=== Begin Enclosure ===
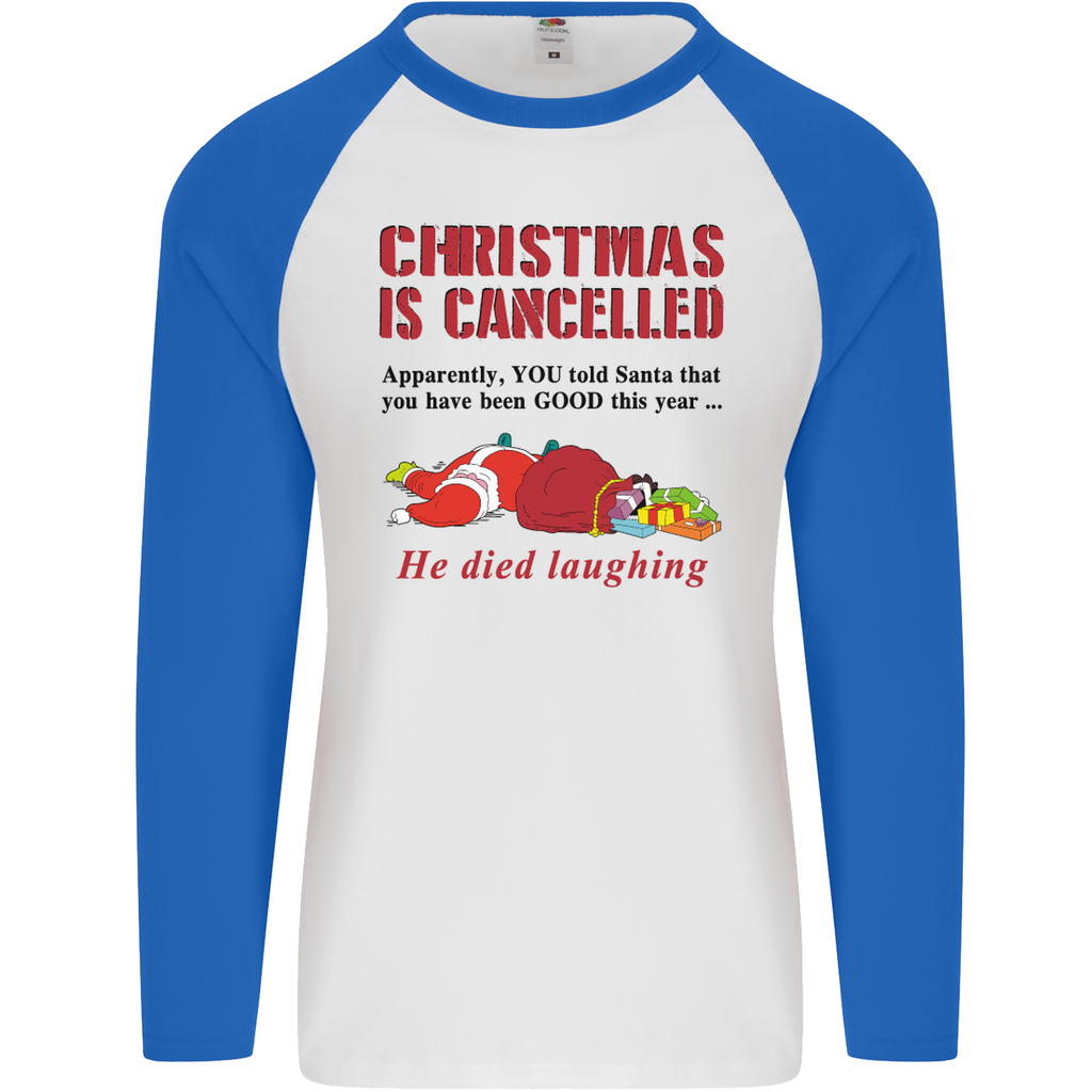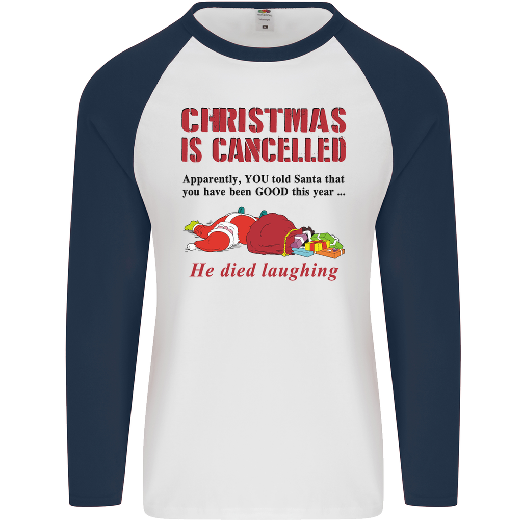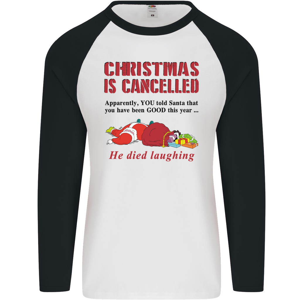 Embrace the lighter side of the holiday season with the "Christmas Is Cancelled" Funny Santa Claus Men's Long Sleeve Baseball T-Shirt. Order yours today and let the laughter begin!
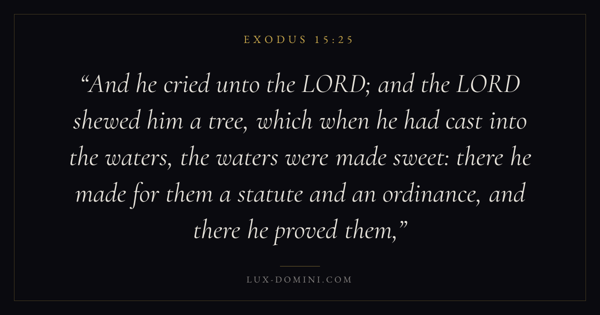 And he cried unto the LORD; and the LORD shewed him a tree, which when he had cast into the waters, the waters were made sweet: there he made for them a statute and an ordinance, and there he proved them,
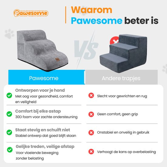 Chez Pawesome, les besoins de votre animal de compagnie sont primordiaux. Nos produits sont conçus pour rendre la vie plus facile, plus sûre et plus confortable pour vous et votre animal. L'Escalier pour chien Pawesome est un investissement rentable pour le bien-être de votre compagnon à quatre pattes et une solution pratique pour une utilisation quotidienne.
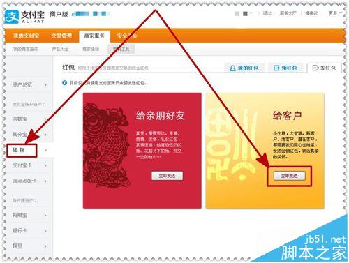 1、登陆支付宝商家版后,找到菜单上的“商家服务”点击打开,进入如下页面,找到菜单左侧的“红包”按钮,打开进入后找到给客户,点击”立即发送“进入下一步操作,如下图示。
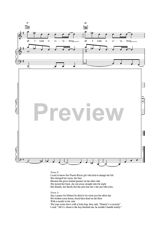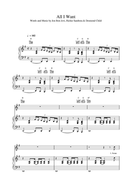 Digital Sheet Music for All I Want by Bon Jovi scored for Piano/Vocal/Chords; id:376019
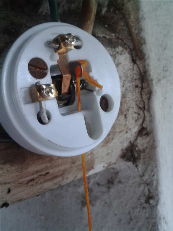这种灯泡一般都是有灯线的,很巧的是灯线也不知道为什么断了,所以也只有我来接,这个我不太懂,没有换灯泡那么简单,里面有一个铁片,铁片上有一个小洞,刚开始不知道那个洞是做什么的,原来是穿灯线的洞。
=== End Enclosure ===
Restate the listing word for word and drop the pictures.

 Embrace the lighter side of the holiday season with the "Christmas Is Cancelled" Funny Santa Claus Men's Long Sleeve Baseball T-Shirt. Order yours today and let the laughter begin!
 And he cried unto the LORD; and the LORD shewed him a tree, which when he had cast into the waters, the waters were made sweet: there he made for them a statute and an ordinance, and there he proved them,
 Chez Pawesome, les besoins de votre animal de compagnie sont primordiaux. Nos produits sont conçus pour rendre la vie plus facile, plus sûre et plus confortable pour vous et votre animal. L'Escalier pour chien Pawesome est un investissement rentable pour le bien-être de votre compagnon à quatre pattes et une solution pratique pour une utilisation quotidienne.
 1、登陆支付宝商家版后,找到菜单上的“商家服务”点击打开,进入如下页面,找到菜单左侧的“红包”按钮,打开进入后找到给客户,点击”立即发送“进入下一步操作,如下图示。
 Digital Sheet Music for All I Want by Bon Jovi scored for Piano/Vocal/Chords; id:376019
这种灯泡一般都是有灯线的,很巧的是灯线也不知道为什么断了,所以也只有我来接,这个我不太懂,没有换灯泡那么简单,里面有一个铁片,铁片上有一个小洞,刚开始不知道那个洞是做什么的,原来是穿灯线的洞。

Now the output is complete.